The Test Data Management methodology lays a foundation for identifying and generating appropriate datasets for software application testing. Test Data Management (TDM) is critical for Quality Assurance teams to ensure high data quality and expected application performance in production environments. The better a test environment reflects a production environment, the more confident you can be in every release. Test data can either be generated, or obfuscated from the source system. This article walks through common considerations in a test data management implementation.
- Test Data Shape and Size
As any good tester knows, a four hundred test case test plan is not always better than a fifty case test plan. Each test case brings a cost and a diminishing benefit. The same is true of datasets. A five million row data set might not bring more testing value than ten thousand rows.
It is important to identify your testing goals and curate your dataset to meet those goals. Think critically about what characteristics of production data are important to your testing.
If you do not need a data element for your testing, the cost of properly obfuscating it may not be worth it. Some data elements may not be included at all in testing due to legal restrictions or data use agreements. Why take the risk if there is no benefit to your testing? Take what you need and no more. Bonus: it helps save space in your testing environments.
On the other hand, if you are testing performance, the bigger the dataset, the better the results. Testers should determine the correct shape and size of their dataset to achieve their testing goals.
2. Test Data Sources
As you develop your testing strategy, it is important to define your test data source(s). Test data can be obfuscated from the production environment or generated by an outside tool. It is important to identify your testing goals and curate your dataset to meet your needs. As a part of this process, review design assumptions. It would be disheartening to spend time crafting a dataset that does not meet the requirements of your project. Measure twice, cut once.

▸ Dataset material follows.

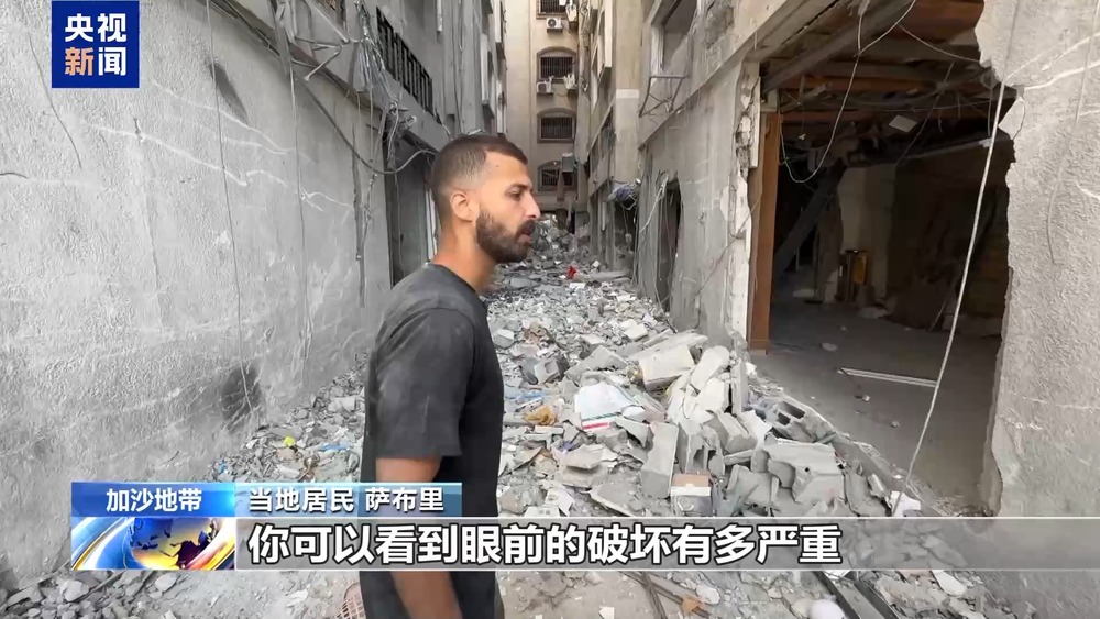 當地居民 薩布里:你可以看到眼前的破壞有多嚴重:我們嘗試著住下來,但這樣的環境根本無法正常生活 ,破壞成這樣了,怎么住?無論是小孩,年輕人,老人還是婦女都沒法住的。這棟樓原本有七層,如今只剩一層完好,這邊這棟樓也被炸壞了。我們盡力清理廢墟,想辦法修復房屋,加沙市的重型機械太少,僅靠一兩臺挖掘機根本不夠,希望國際社會能提供援助,讓我們有機會重建家園。

Let’s look at two different testing examples.
If you are testing data element validations, knowing what values exist in production is crucial to a successful test plan. It is appropriate to pull obfuscated data from the production system to meet this testing goal.
However, if your production environment is a tenth the size you expect it to be in six months, duplicating or generating data that reflects the production data would be more meaningful to meet performance testing needs.
Consider leveraging tools (like Informatica Test Data Management) to generate test data, with options like random, goal-oriented, and pathwise to speed up the process.
3. Obfuscation and Data masking
Certain types of data must be kept in compliance with applicable regulations. Testers can achieve this through Data Masking, the process of creating a “structurally similar but inauthentic version of an organization's data that can be used for purposes such as software testing and user training. The purpose is to protect the actual data while having a functional substitute for occasions when the real data is not required.” (Source: TechTarget.com) Data masking is most commonly performed on the following types of data:
- Personally Identifiable Information (PII)
- Social Security numbers
- Credit Card numbers
4. Data Integrity of your Test Data
As part of the testing process, test data may need to be altered. It is important to back up the initial data set and version copies as you test. That way there is always a source of truth and testers don’t need to go back to the well of production data when they need a new version of the test data set.
The testing needs of your organization will influence your Test Data Management process. Don’t worry about boiling the ocean. Focus on common, recurring test data needs and design a repeatable process around those needs. These considerations will help you understand your organization’s recurring test data needs.